Ok this is pretty insane. I have to say I have written most of the code in the katex plug, so I know how the library works and all, but still … It took me 10 minutes to write this (and this includes two slash commands for easier use) very tiny space lua and look what’s possible.
Space Lua
latex = {
header = [[<link rel="stylesheet" href="https://cdn.jsdelivr.net/npm/[email protected]/dist/katex.min.css">]],
katex = js.import("https://cdn.jsdelivr.net/npm/[email protected]/+esm")
}
function latex.inline(expression)
local html = latex.katex.renderToString(expression, {
trust = true,
throwOnError = false,
displayMode = false
})
return widget.new {
html = "<span>" + latex.header + html + "</span>"
}
end
function latex.block(expression)
local html = latex.katex.renderToString(expression, {
trust = true,
throwOnError = false,
displayMode = true
})
return widget.new {
html = "<span>" + latex.header + html + "</span>"
}
end
slashcommand.define {
name = "math",
run = function()
editor.insertAtCursor("${latex.inline[[]]}", false, true)

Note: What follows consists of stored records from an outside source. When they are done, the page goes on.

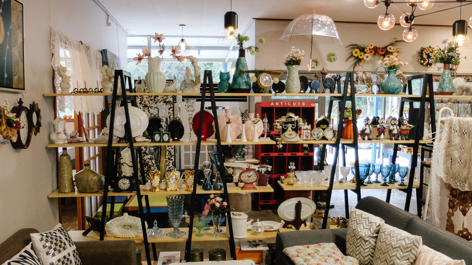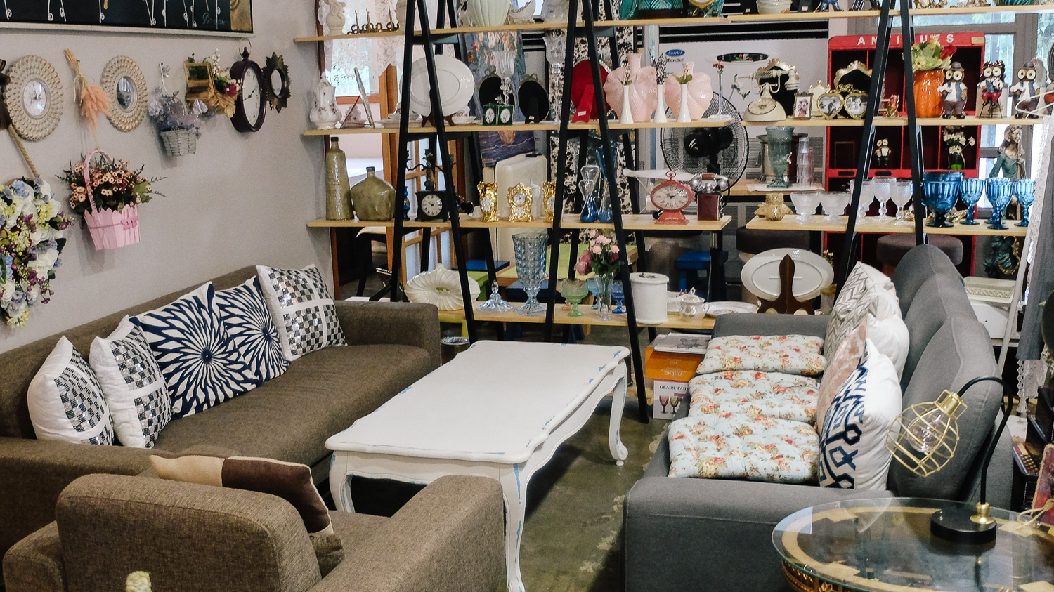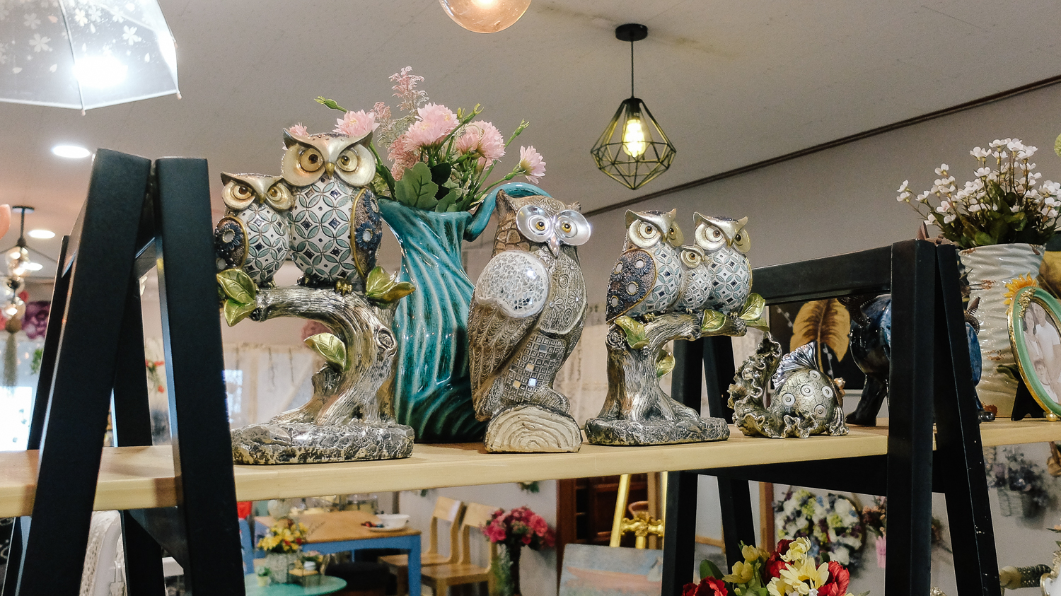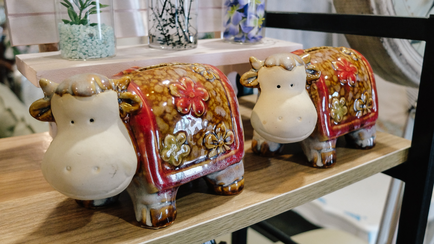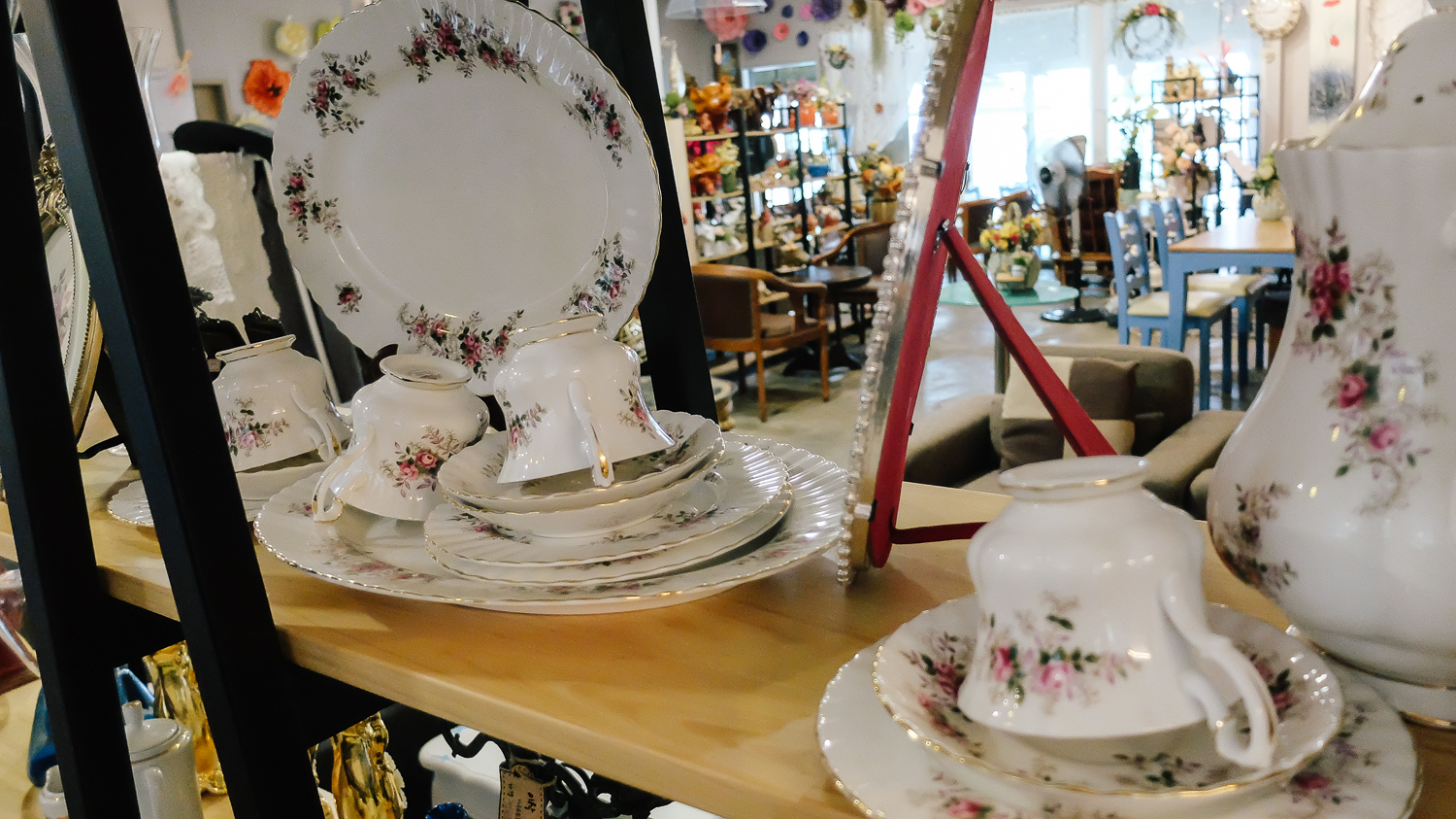 자기로 되어있는 소품, 시계, 액자, 그림 중심으로 이루어진 카페 모습이다. 진열된 소품은 인테리어 겸 판매상품이니 여기저기 둘러보며 소품을 구경하는 재미도 쏠쏠했다.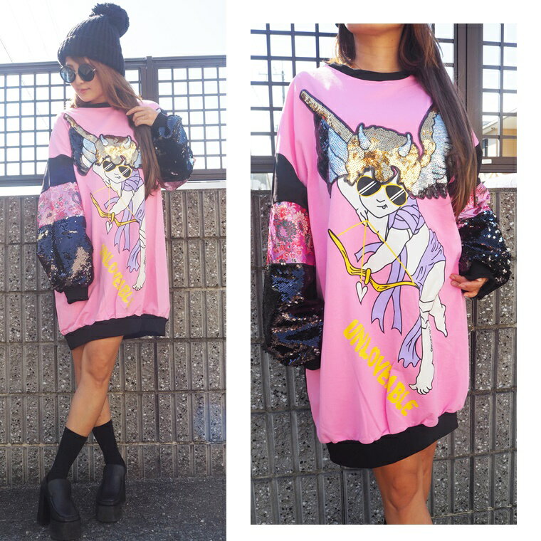 Pick Up Check スパンコール×デビルプリントで超ド級のハデハデトレーナーが登場♪袖はブラックスパンコール×和柄になっていて、個性派さんにはたまらないオリジナリティ溢れるデザインで街の視線独り占め☆長めの丈なので、1枚で着たり、さらに派手なレギンスなどと合わせてぶっとんだスタイルを楽しんでも◎!ゆったり大きめな作りなので、動きやすく、着心地も楽ちんなので、普段着にはもちろん、ダンス衣装やイベント用にも活躍する事間違いなし♪人とかぶりたくない!!そんなオシャレっ子さんにオススメ☆ Stretch あり Color ピンク Fabric ポリエステル65%、綿35% Size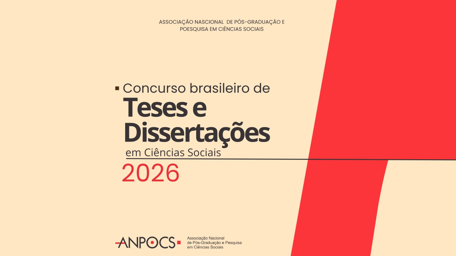 A Associação Nacional de Pós-Graduação e Pesquisa em Ciências Sociais anuncia a Edição 2026 do Concurso Brasileiro ANPOCS de Teses e Dissertações Universitárias em Ciências Sociais.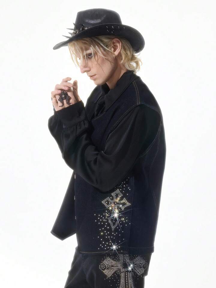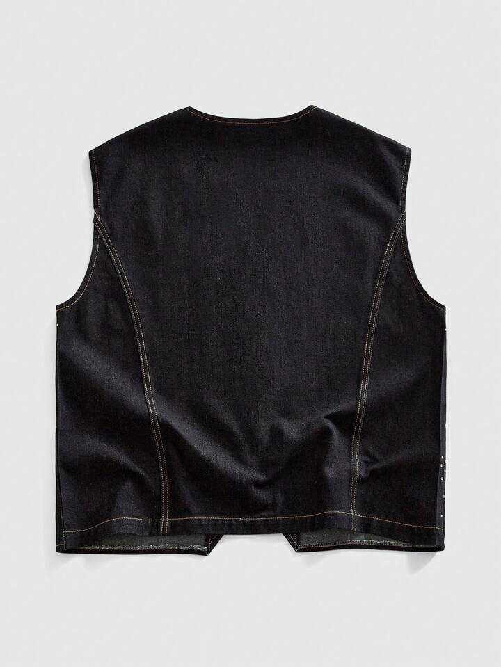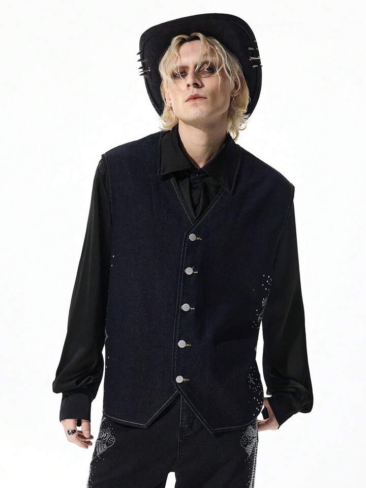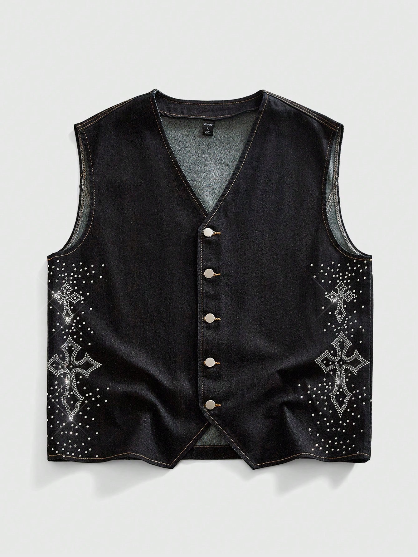 Street Life Herren Denim Weste mit Kreuz-Strass-Dekor, modisch und vielseitig einsetzbar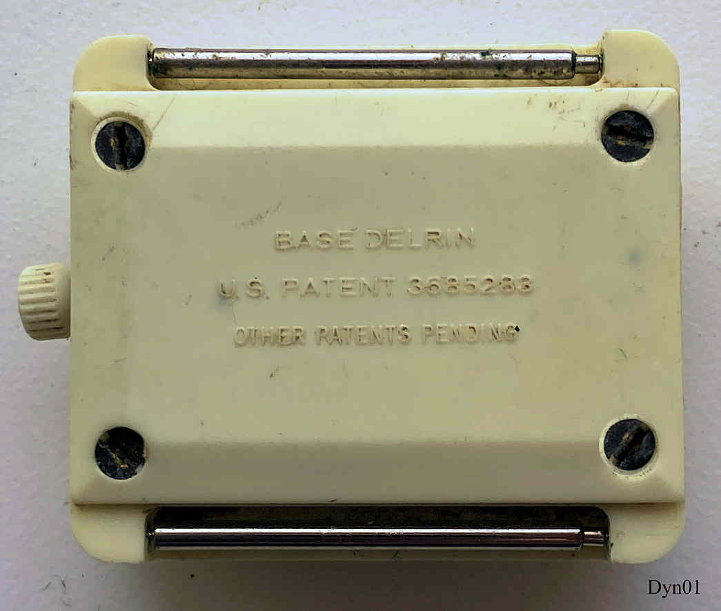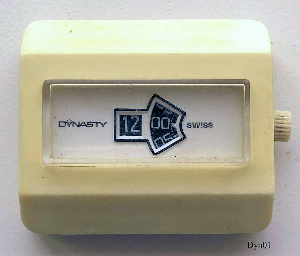 A Dynasty Digital watch with handwind jump-hour Caliber Amida 420, instead of hands two discs, hour- and minute-disc turn around. The time is then read out in a window on the dial. The case is made from the new meterial Delrin, an Acetal-Homopolymer from Dupont. Signed front: ”Dynasty, Swiss”, back: “Base Delrin, U.S.Patent 3685288, Other Patents pending”. |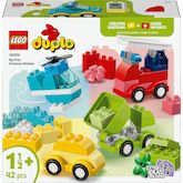 Ils peuvent commencer par construire les véhicules LEGO DUPLO principaux : un hélicoptère avec hélice rotative, un camion à benne basculante, un camion de pompiers avec échelle articulée et une voiture. Puis ils exercent leur motricité fine et leur coordination œil-main pour démonter ces modèles et en créer de nouveaux au gré de leur créativité. De la voiture de police au camion extra-long en passant par le bus à étage, les enfants laissent libre cours à leur créativité en combinant les briques LEGO DUPLO de façon innovante.

editor.moveCursor(editor.getCursor() - 3)
end
}
slashcommand.define {
name = "equation",
run = function()
editor.insertAtCursor("${latex.block[[]]}", false, true)
editor.moveCursor(editor.getCursor() - 3)
end
}
Space Style
.sb-lua-directive-inline:has(.katex-html) {
border: none !important;
}
Code for the image
If ${latex.inline[[S]]} is a set, ${latex.inline[[\circ]]} is a binary operation on ${latex.inline[[S]]}, and ${latex.inline[[e \in S]]}, then ${latex.inline[[G = (S, e, \circ)]]} is called a *group* if
1. ${latex.inline[[\forall a, b \in G, \quad a \circ \ b \in G]]} (completeness);
2. ${latex.inline[[(ab)c = a(bc), \quad \forall a,b,c \in S]]} (associativity);
3. ${latex.inline[[\exists e \in S]]} such that ${latex.inline[[ae=a=ea, \quad \forall a \in S]]} (identity);
4. ${latex.inline[[\forall a \in S, \quad \exists b \in S]]} such that ${latex.inline[[ab=e=ba]]} (inverse).
The Fourier transform of a complex-valued (Lebesgue) integrable function ${latex.inline[[f(x)]]} on the real line, is the complex valued function ${latex.inline[[\hat {f}(\xi )]]}, defined by the integral
${latex.block[[\widehat{f}(\xi) = \int_{-\infty}^{\infty} f(x)\ e^{-i 2\pi \xi x}\,dx, \quad \forall \xi \in \mathbb{R}.]]}
It’s actually insane what’s possible. Only thing that bugs me here is that it (afaik) won’t work offline because the cdn resources aren’t cached. Open to ideas on this one, dependencies always have kind of been a struggle with SB.
(This really makes the katex plug obsolete @zef)